Configures the IP Family (IPv4 or IPv6) to use to connect to the LINSTOR Satellite.

If unset, the LINSTOR Controller will attempt to reach the LINSTOR Satellite via all recognized addresses in the Satellite Pods' Status. If set, the LINSTOR Controller will only attempt to reach the LINSTOR Satellite via all addresses matching the listed IP Families.

Valid values are IPv4 and IPv6.

Example

This example configures the LINSTOR Controller to only use IPv4, even in a dual stack cluster.

apiVersion: piraeus.io/v1
kind: LinstorSatelliteConfiguration
metadata:
  name: ipv4-only
spec:
  ipFamilies:
  - IPv4

.spec.podTemplate

Configures the Pod used to run the LINSTOR Satellite.

The template is applied as a patch (see .spec.patches) to the default resources, so it can be "sparse".

Example

This example configures a resource request of cpu: 100m on the satellite, and also enables host networking.

apiVersion: piraeus.io/v1
kind: LinstorSatelliteConfiguration
metadata:
  name: resource-and-host-network
spec:
  podTemplate:
    spec:
      hostNetwork: true
      containers:
        - name: linstor-satellite
          resources:
            requests:
              cpu: 100m

.spec.patches

The given patches will be applied to all resources controlled by the operator. The patches are forwarded to kustomize internally, and take the same format.

The unpatched resources are available in the subdirectories of the pkg/resources/satellite directory.

Warning

No checks are run on the result of user-supplied patches: the resources are applied as-is.

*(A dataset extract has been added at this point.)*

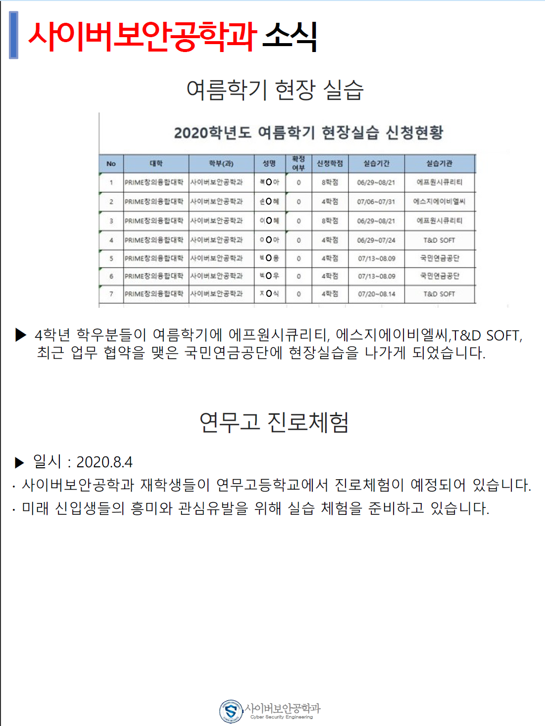 『 사이버보안공학과 보안매거진 2020-4호 』글의 상세내용을 확인하는 표로 제목, 부서명, 등록일, 조회, 첨부, 내용으로 나뉘어 설명합니다.

Patching some fundamental aspect, such as removing a specific volume from a container may lead to a degraded cluster.

Example

This example configures the LINSTOR Satellite to use the "TRACE" log level, creating very verbose output.

apiVersion: piraeus.io/v1
kind: LinstorSatelliteConfiguration
metadata:
  name: all-satellites
spec:
  patches:
    - target:
        kind: ConfigMap
        name: satellite-config
      patch: |-
        apiVersion: v1
        kind: ConfigMap
        metadata:
          name: satellite-config
        data:
          linstor_satellite.toml: |
            [logging]
              linstor_level = "TRACE"

.status

Reports the actual state of the cluster.

.status.conditions

The Operator reports the current state of the Satellite Configuration through a set of conditions. Conditions are identified by their type.

type	Explanation
Applied	The given configuration was applied to all LinstorSatellite resources.